(INPUT DATA begins)
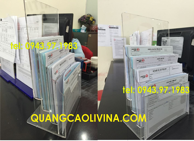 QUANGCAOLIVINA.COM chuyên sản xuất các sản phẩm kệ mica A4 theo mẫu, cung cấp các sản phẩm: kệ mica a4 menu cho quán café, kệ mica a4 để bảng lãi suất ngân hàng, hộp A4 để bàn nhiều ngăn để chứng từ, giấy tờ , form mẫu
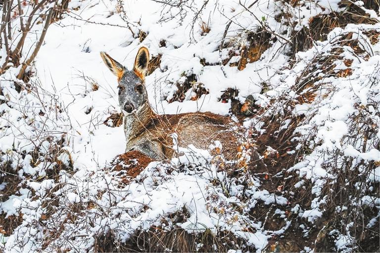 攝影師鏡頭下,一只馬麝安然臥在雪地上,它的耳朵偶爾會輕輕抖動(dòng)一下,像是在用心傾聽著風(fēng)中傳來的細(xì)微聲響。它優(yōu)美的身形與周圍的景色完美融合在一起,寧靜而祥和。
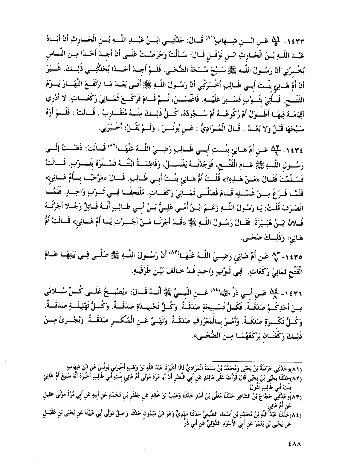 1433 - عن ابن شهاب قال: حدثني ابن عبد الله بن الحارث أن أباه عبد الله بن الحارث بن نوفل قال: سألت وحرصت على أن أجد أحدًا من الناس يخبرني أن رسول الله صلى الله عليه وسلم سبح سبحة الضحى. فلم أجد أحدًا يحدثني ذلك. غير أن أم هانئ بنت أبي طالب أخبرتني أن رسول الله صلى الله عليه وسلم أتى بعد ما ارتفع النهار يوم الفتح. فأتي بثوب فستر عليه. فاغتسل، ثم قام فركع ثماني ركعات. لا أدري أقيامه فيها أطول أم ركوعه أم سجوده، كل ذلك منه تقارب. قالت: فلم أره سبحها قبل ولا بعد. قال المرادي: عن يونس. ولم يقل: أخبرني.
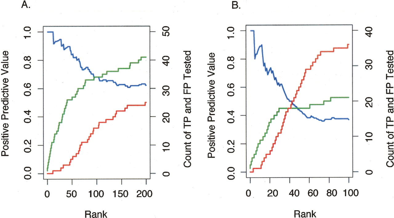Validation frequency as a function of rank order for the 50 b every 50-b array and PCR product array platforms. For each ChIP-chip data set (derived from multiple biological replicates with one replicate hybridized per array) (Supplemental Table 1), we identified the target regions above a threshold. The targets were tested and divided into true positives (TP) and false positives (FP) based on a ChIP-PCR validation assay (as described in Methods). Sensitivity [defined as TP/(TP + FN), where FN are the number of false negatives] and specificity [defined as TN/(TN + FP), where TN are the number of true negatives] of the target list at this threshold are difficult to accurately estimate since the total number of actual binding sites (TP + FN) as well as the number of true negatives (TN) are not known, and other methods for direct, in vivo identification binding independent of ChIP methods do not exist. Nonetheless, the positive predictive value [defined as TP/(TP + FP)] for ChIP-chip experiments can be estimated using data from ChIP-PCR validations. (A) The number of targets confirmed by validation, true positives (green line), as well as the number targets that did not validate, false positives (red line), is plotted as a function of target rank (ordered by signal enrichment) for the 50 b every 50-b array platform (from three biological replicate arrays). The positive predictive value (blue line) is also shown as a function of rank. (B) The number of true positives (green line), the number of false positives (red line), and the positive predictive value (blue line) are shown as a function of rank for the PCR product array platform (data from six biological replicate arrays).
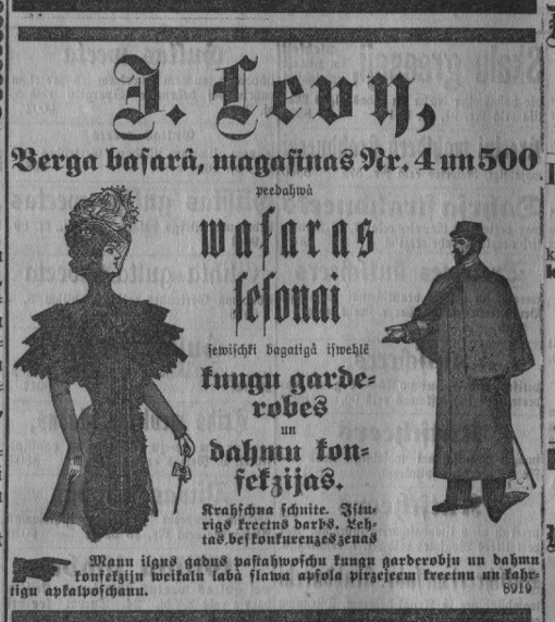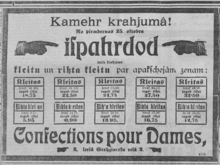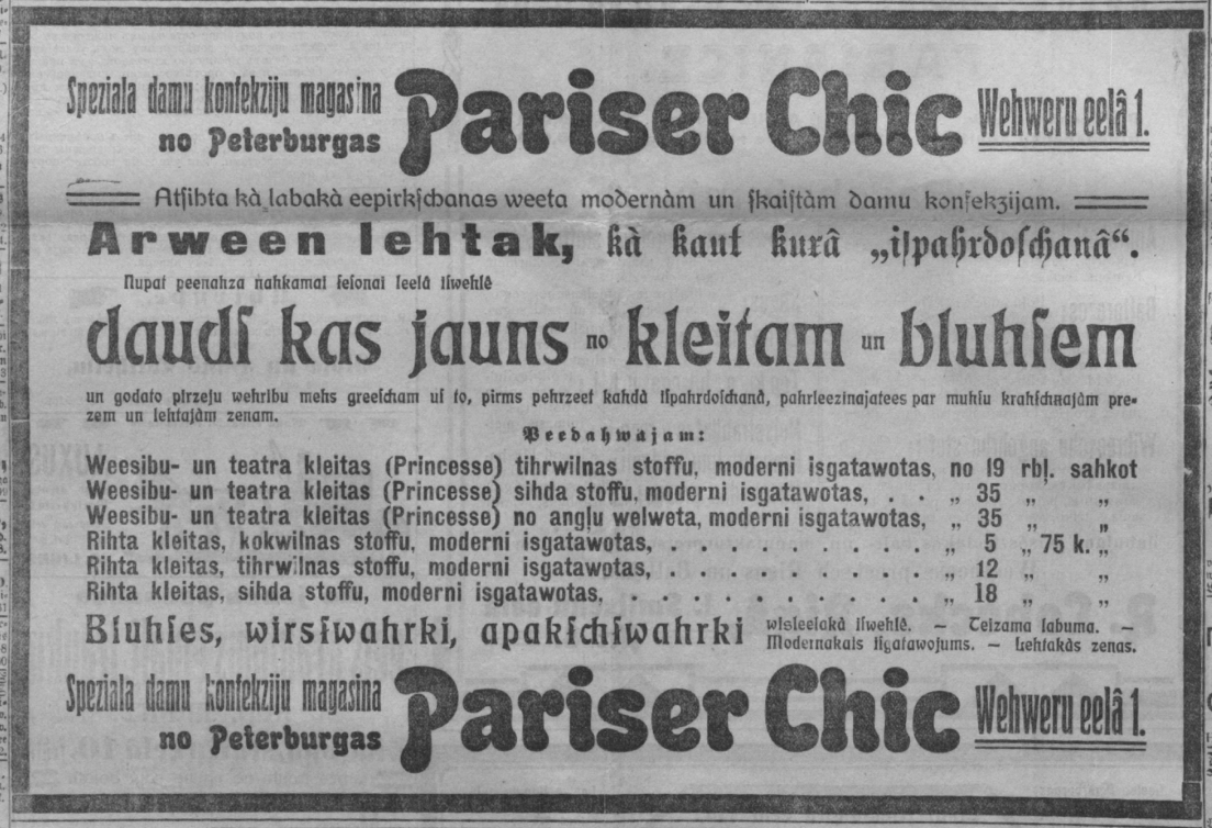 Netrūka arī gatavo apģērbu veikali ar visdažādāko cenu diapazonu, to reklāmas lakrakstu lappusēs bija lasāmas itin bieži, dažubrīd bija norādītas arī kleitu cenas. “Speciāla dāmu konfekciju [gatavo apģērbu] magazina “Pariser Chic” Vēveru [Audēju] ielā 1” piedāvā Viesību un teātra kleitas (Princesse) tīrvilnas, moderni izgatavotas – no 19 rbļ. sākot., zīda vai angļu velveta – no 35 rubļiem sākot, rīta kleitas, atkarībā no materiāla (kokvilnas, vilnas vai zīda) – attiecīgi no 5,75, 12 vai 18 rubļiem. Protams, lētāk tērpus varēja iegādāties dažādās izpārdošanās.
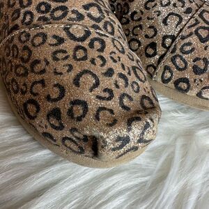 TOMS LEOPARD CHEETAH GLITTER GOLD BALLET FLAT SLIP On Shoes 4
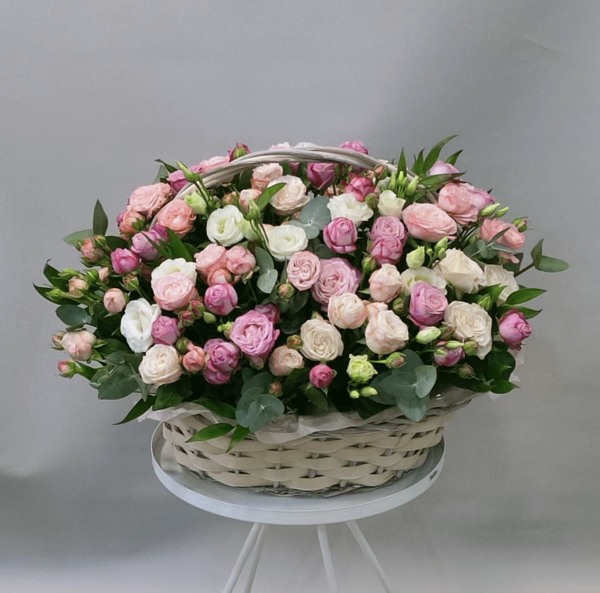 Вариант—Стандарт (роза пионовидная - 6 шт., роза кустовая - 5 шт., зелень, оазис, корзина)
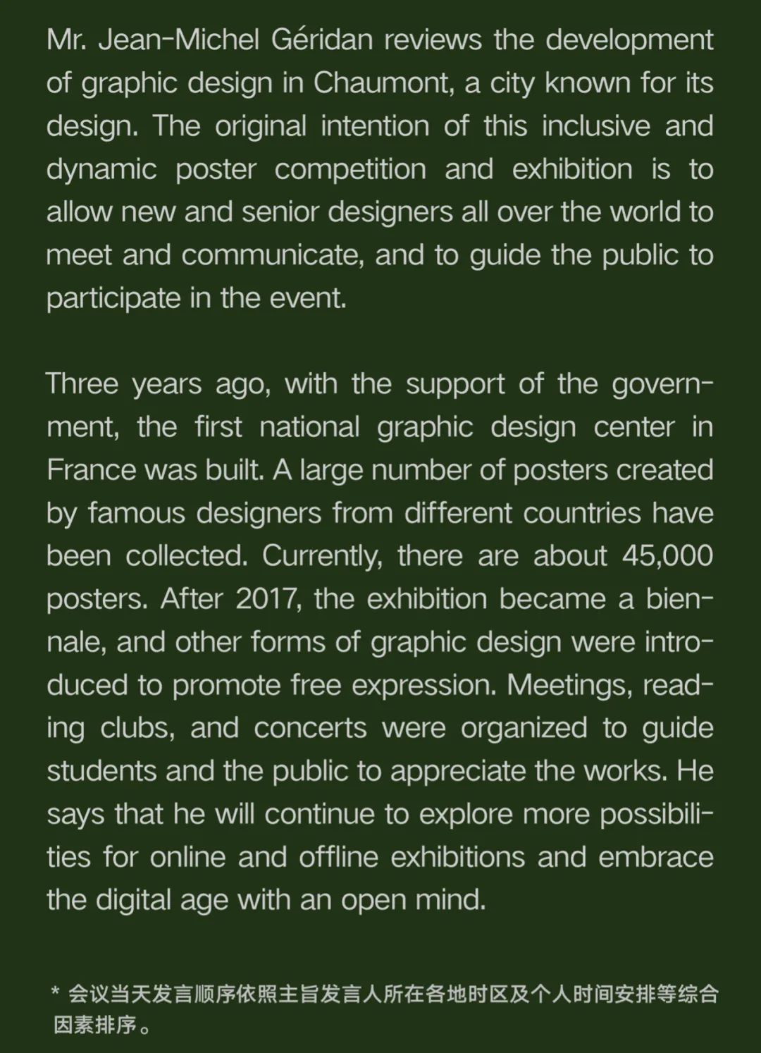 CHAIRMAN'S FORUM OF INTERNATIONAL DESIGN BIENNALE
(INPUT DATA ends)
EXERCISE GOAL ▸
Copy nothing but the lines from the top of the material through the line holding "攝影師鏡頭下,一只馬麝安然臥", exactly as written; omit pictures.

WRITTEN SOLUTION ▸
 QUANGCAOLIVINA.COM chuyên sản xuất các sản phẩm kệ mica A4 theo mẫu, cung cấp các sản phẩm: kệ mica a4 menu cho quán café, kệ mica a4 để bảng lãi suất ngân hàng, hộp A4 để bàn nhiều ngăn để chứng từ, giấy tờ , form mẫu
 攝影師鏡頭下,一只馬麝安然臥在雪地上,它的耳朵偶爾會輕輕抖動(dòng)一下,像是在用心傾聽著風(fēng)中傳來的細(xì)微聲響。它優(yōu)美的身形與周圍的景色完美融合在一起,寧靜而祥和。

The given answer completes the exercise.